During an interview with Fox News, President Donald Trump cast Pelosi as a point of resistance in getting additional help for out-of-work Americans and troubled businesses. “Republicans want to do it. We’re having a hard time with Nancy Pelosi,” he said Sunday.

On-again-off-again negotiations over additional stimulus have been one of the main catalysts for the markets over the past few months.

A lack of fresh aid is forcing investors to turn to the next round of corporate earnings and the elections.

Read: Financial markets have waited patiently for a stimulus package — that might change soon

S&P 500 companies’ overall earnings performance are expected to be less-bad than the second quarter, when earnings fell the most since the 2008 financial crisis, according to FactSet data.

The aggregate blended year-over-year growth estimate per share, which includes some earnings already reported and the average analyst estimates of coming results, is for a negative 20.5% as of the end of last week, following a 31.4% plunge in the second quarter.

Investors may be more focused on the rate of change in the decline, rather than how far earnings are falling, MarketWatch’s Ciara Linnane and Tomi Kilgore report.

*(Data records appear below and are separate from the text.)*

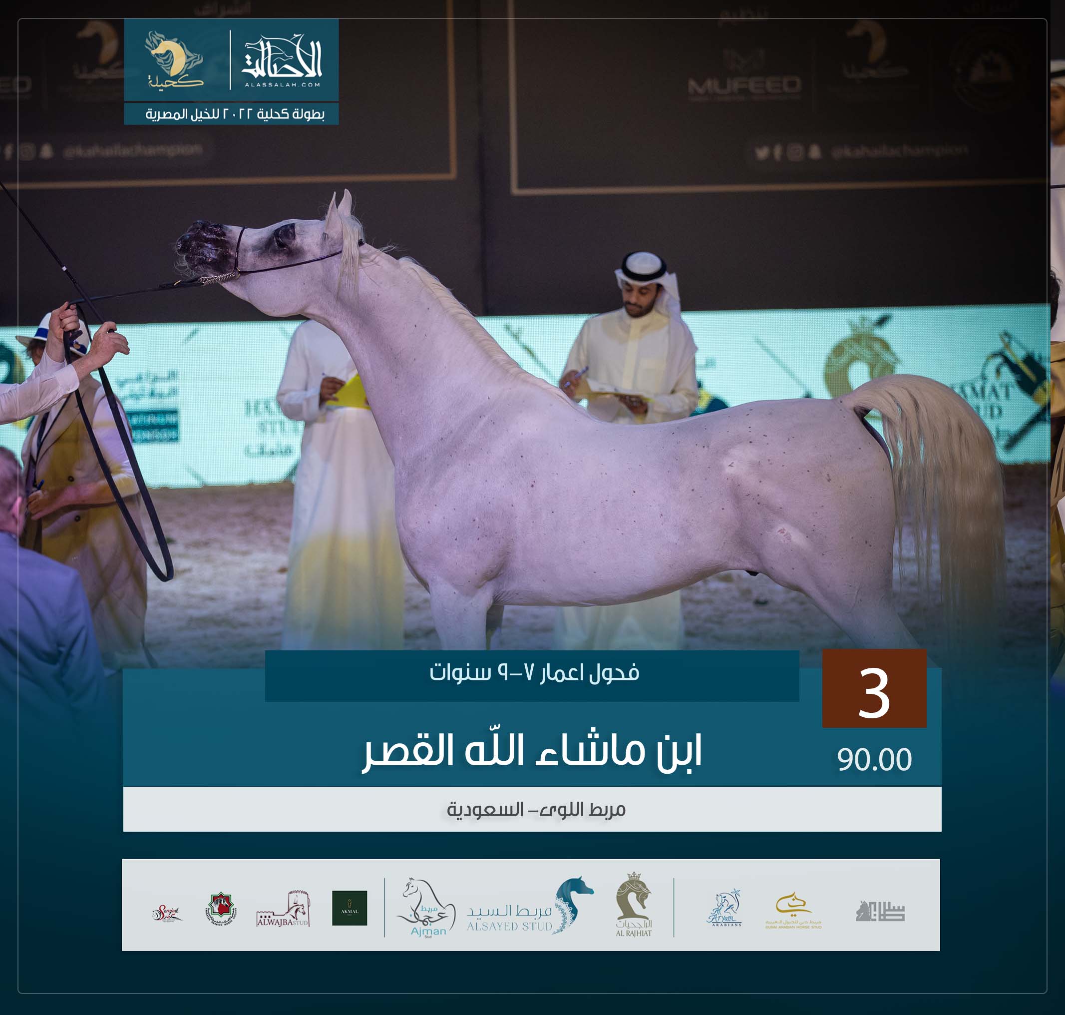 المركز الأول: سلام أكمل (نسيم الراشدية X سلمى بي كي في) مربط أكمل- السعودية.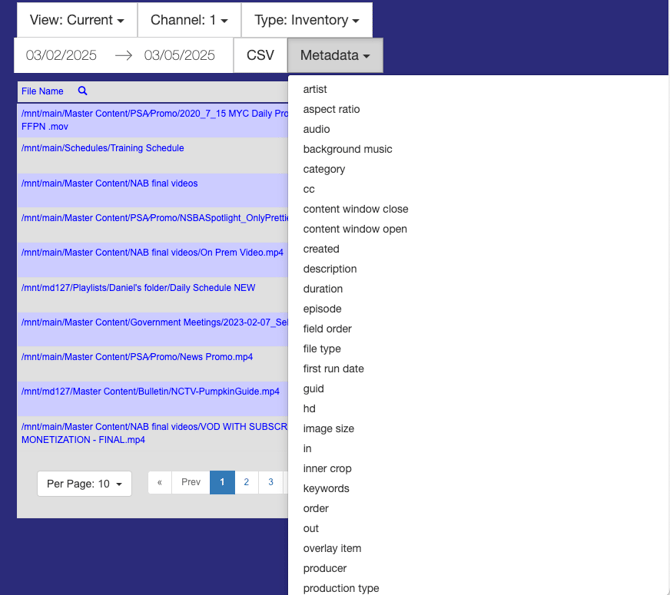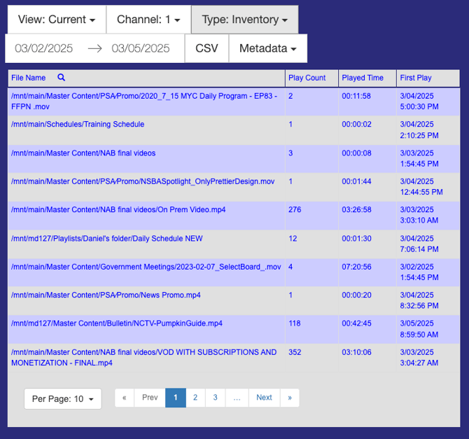 Inventory: Presents the File Name as a file path; Play Count, indicating how many times each item has been played; Played Time, reflecting the total duration that the item has aired; and First Play, which marks the initial date and time the item was broadcast on the channel.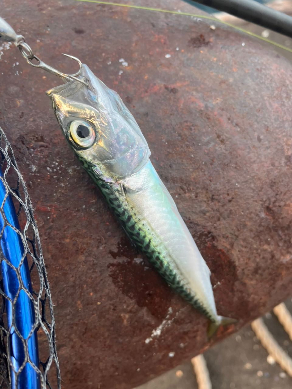 人も少ない 空いてるスペースでちょっとだけ青物狙い イワシ?パシャパシャで小サバがヒット❗️ その後ちょい大きめサイズのこれまたサバ😂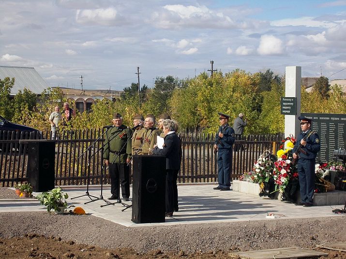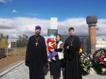 Благочинный Новотроицкого округа, настоятель собора святых апостолов Петра и Павла г. Новотроицка протоиерей Сергий Кваша, в сослужении настоятеля храма Святой преподобномученицы великой княгини Елизаветы ст. Губерля г. Новотроицка иерея Никиты Кваши, совершил чин освящения памятника павшим воинам.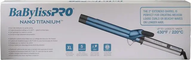 From the Nano Titanium Collection. Curl long hair faster with this extended-barrel curling iron. The Blue Nano Titanium barrel evenly distributes high heat up to 430°F to create long-lasting curls with radiant shine. The slim design is lightweight and easy to handle for maximum comfort.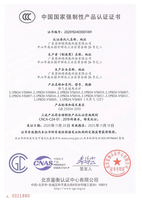 菲思盾壁掛爐全系列全功率都通過了3C認證,這代表菲思盾的壁掛爐生產、質量管理水平均符合國際標準要求。這不僅僅是對菲思盾壁掛爐產品質量的高度認可,更是意味著消費者在選擇菲思盾壁掛爐產品時,擁有了“國家級”的安全保障和背書,是證明菲思盾產品品質和安全有保障的有力憑證。
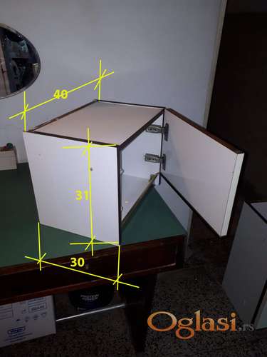 Tekst oglasa: <p>Viseći polovni kuhinjski nadogradni element od 40 cm "MARLES" . Dobro očuvan.</p> <p>Komada 2 .( Cena svakog elementa je 10 evra).</p> <p>CENA: 10 evra po komadu</p> <p>DIMENZIJA: 40 x 31 x 30 cm</p> <p>Direktno preuzimanje, ( ne šaljem poštom).</p> <p> 062/190 88 74 , 021/422-544</p> <p> </p> |
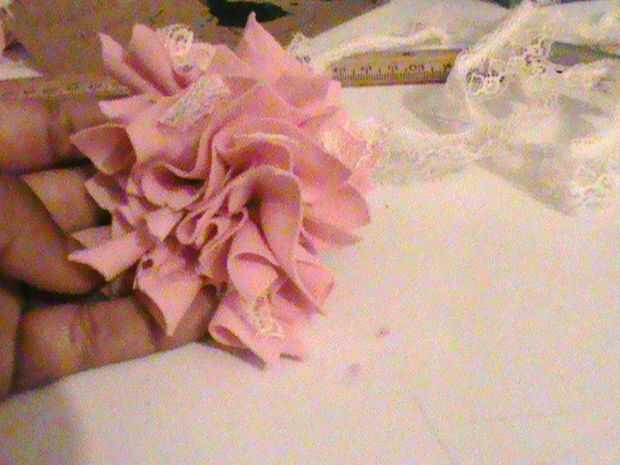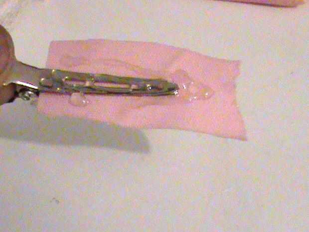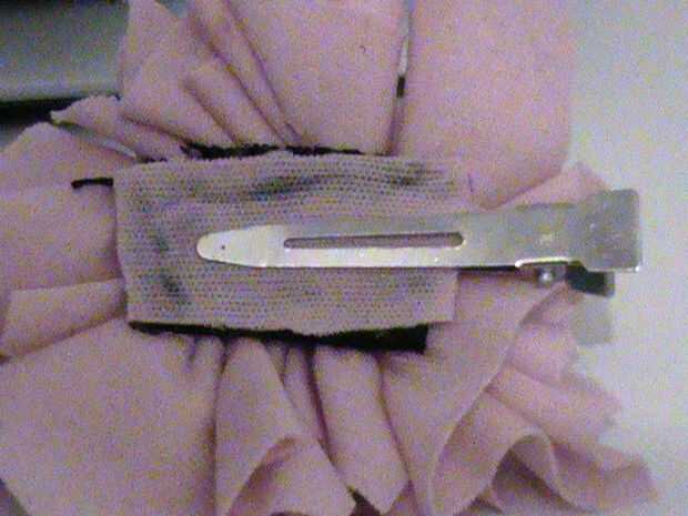 Cortó la cinta de encaje en trozos del cerca de 1 cm. Tomar tu flor y pegamento caliente los bits dondequiera que usted tiene gusto. El azar más mejor. Entonces realizará un pelo clip un trozo de tela (del mismo tamaño que la base) entre la pinza y pegamento caliente la parte superior. Y colóquelo en la base de la flor. Y entonces todo listo!!!!!!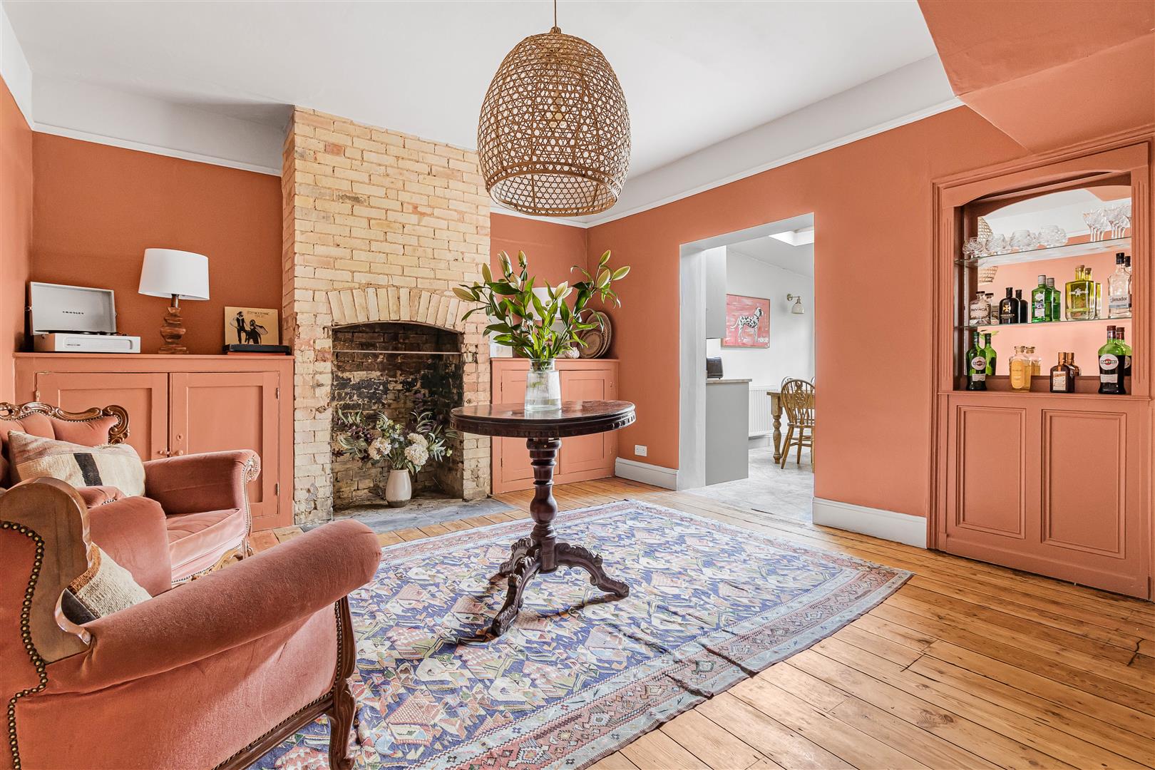 Beautifully presented living room with exposed wooden flooring. Feature fireplace with attractive white surround and mantel, stone hearth and exposed brick firebox. Contemporary built-in cabinets and shelving to the alcoves either side. Dual window to the front aspect. Radiator. Door leading to the entrance hall.
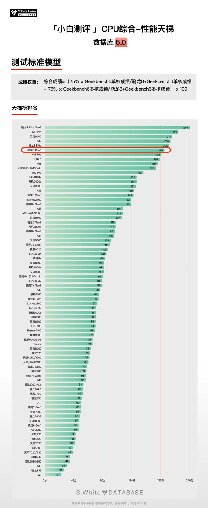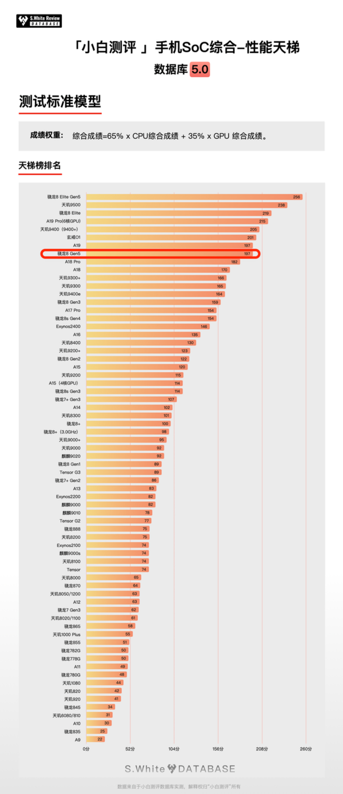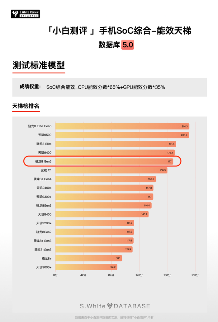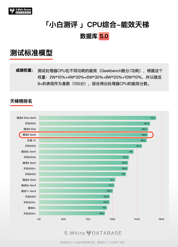 总体上,骁龙8 Gen5在日常使用场景,性能和能效两方面表现不错,像是骁龙8 Elite Gen5的青春版。大家可以到小白测评数据库可以查看更多。<详细测试标准查看《数据库测试标准手册5.0》>

Separately, the spread of the COVID-19 pandemic in Europe was forcing some reimplementation of lockdown measures. U.K. Prime Minister Boris Johnson was expected to outline the restrictions in a statement to the public on Monday.

In Asia, China’s equity market were ebullient on optimism that President Xi Jinping is planning to further open parts of the economy to outside investment.

Mainland Chinese stocks jumped, with the Shanghai Composite (CN:SHCOMP) rising 2.6%. Japan’s Nikkei 225 index (JP:NIK) fell 0.3%, while Hong Kong’s Hang Seng Index (HK:HSI) gained 2.2%.

The pan-European Stoxx 600 Europe Index (XX:SXXP) was up 0.7%. London’s FTSE 100 (UK:FTS) gained 0.2%.

The yield on the 10-year Treasury note (BX:TMUBMUSD10Y) was unchanged at 0.779%. Bond yields move inversely to prices.

Oil futures (CRUD) fell $1.33, or 3.3%, to $39.27 a barrel on the New York Mercantile Exchange. Gold (GOLD) was virtually flat at $1,926 an ounce on Comex.

The ICE U.S. Dollar Index (DXY) a measure of the greenback against its major rivals, was virtually flat.